| Brief |
Repeat, exactly and with no pictures, the lines that run from the beginning of the entries through the line containing "MAMBASNAKE M3 Wireless".

Items listed in a dataset
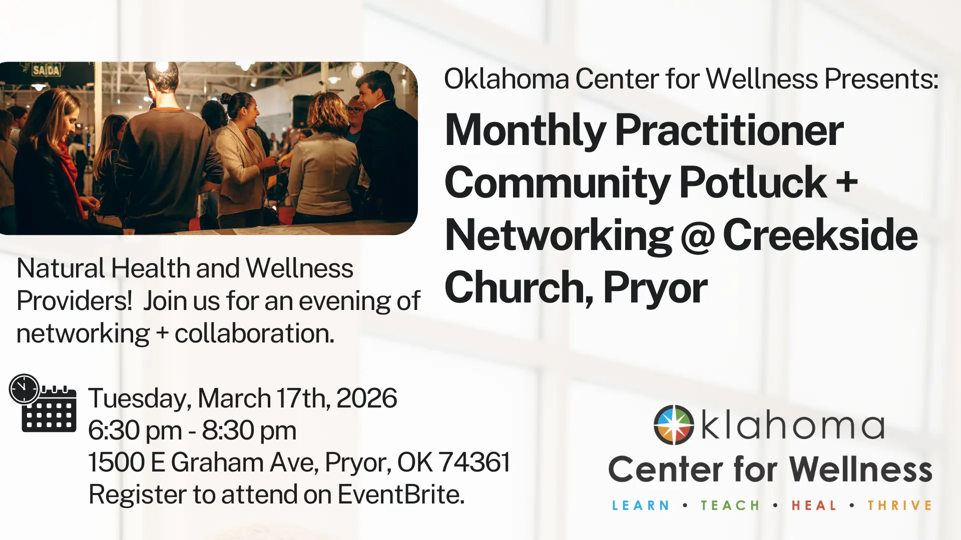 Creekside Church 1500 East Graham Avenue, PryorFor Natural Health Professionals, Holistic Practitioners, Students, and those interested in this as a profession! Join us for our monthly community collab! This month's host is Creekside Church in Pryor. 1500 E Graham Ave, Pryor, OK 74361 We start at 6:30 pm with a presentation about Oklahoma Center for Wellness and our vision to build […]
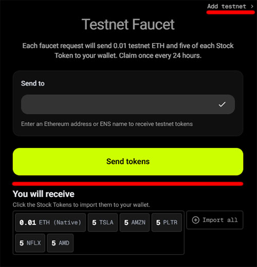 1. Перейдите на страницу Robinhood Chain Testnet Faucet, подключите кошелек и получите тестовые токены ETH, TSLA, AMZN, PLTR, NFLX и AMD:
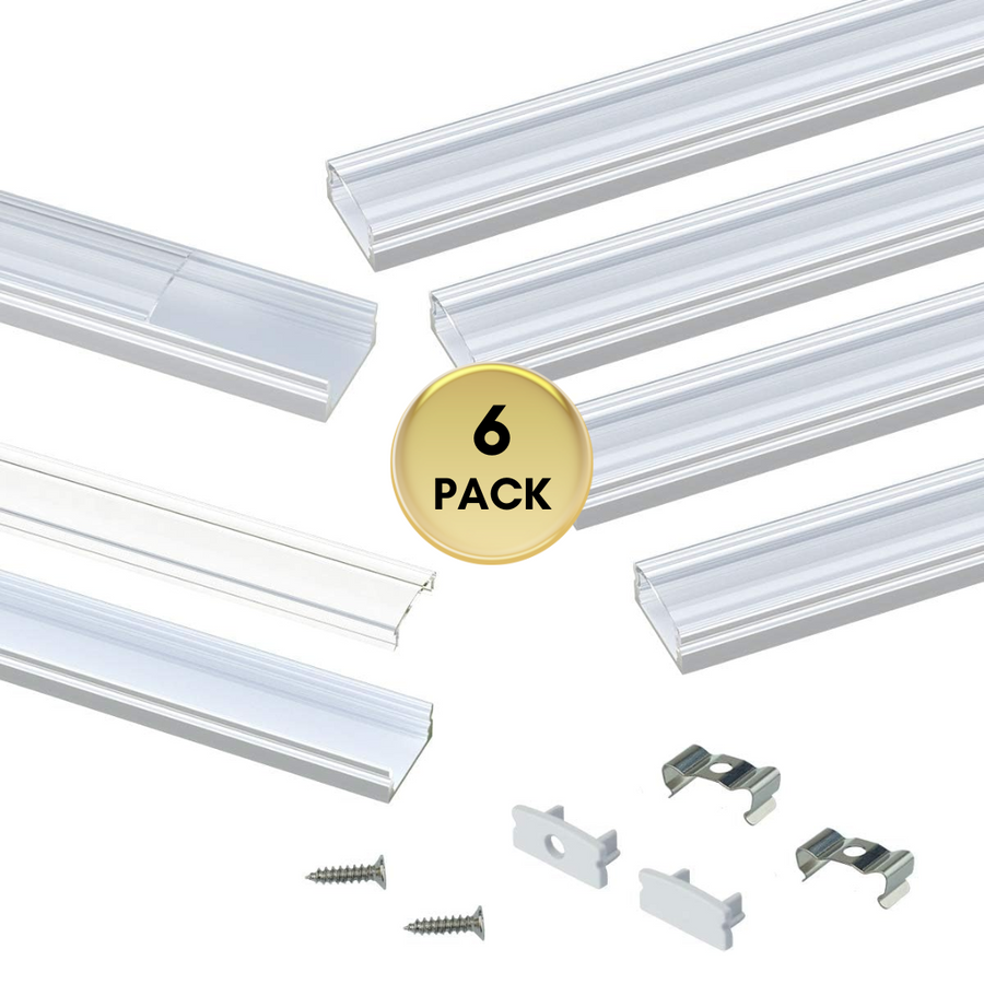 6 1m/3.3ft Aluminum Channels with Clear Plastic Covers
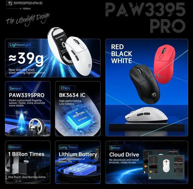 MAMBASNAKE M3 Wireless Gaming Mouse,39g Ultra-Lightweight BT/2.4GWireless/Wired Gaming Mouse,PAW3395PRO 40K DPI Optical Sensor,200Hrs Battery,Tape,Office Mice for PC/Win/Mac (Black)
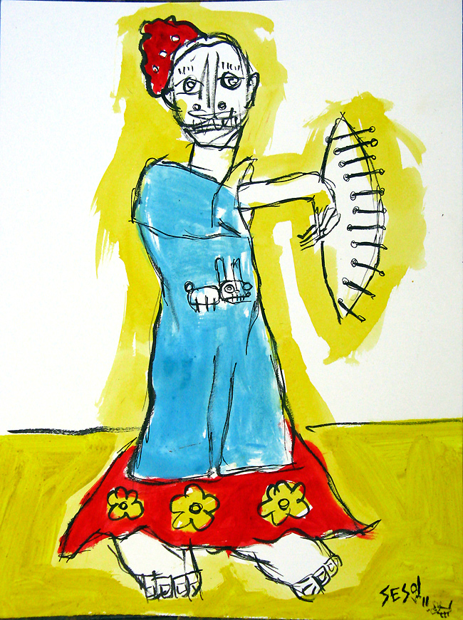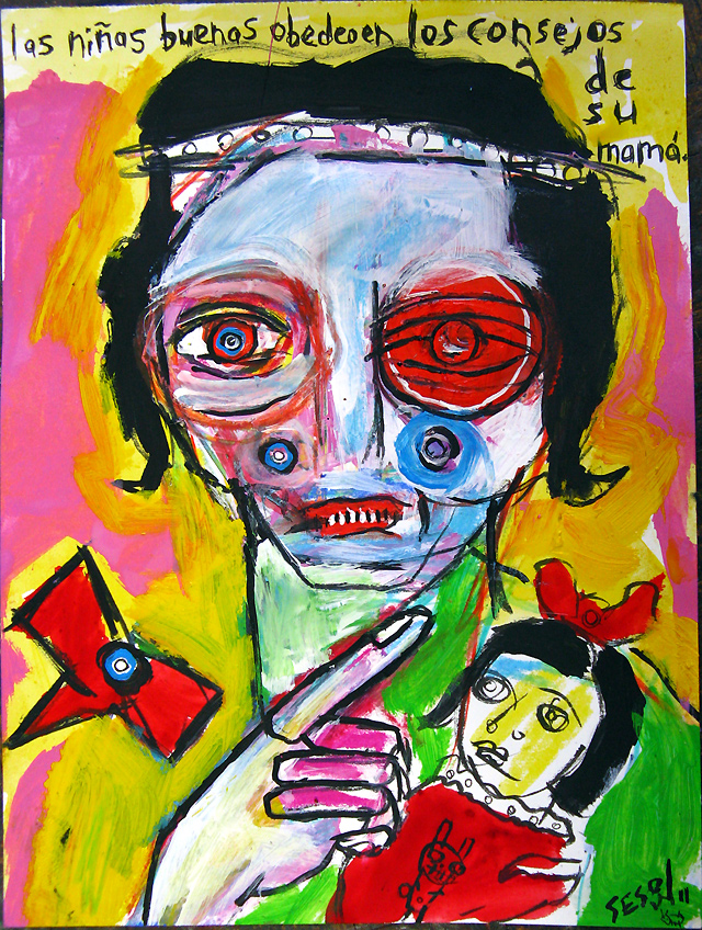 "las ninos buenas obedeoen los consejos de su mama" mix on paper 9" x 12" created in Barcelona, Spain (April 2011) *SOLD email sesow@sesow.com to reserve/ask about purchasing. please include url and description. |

| Response to the exercise |
 Creekside Church 1500 East Graham Avenue, PryorFor Natural Health Professionals, Holistic Practitioners, Students, and those interested in this as a profession! Join us for our monthly community collab! This month's host is Creekside Church in Pryor. 1500 E Graham Ave, Pryor, OK 74361 We start at 6:30 pm with a presentation about Oklahoma Center for Wellness and our vision to build […]
 1. Перейдите на страницу Robinhood Chain Testnet Faucet, подключите кошелек и получите тестовые токены ETH, TSLA, AMZN, PLTR, NFLX и AMD:
 6 1m/3.3ft Aluminum Channels with Clear Plastic Covers
 MAMBASNAKE M3 Wireless Gaming Mouse,39g Ultra-Lightweight BT/2.4GWireless/Wired Gaming Mouse,PAW3395PRO 40K DPI Optical Sensor,200Hrs Battery,Tape,Office Mice for PC/Win/Mac (Black)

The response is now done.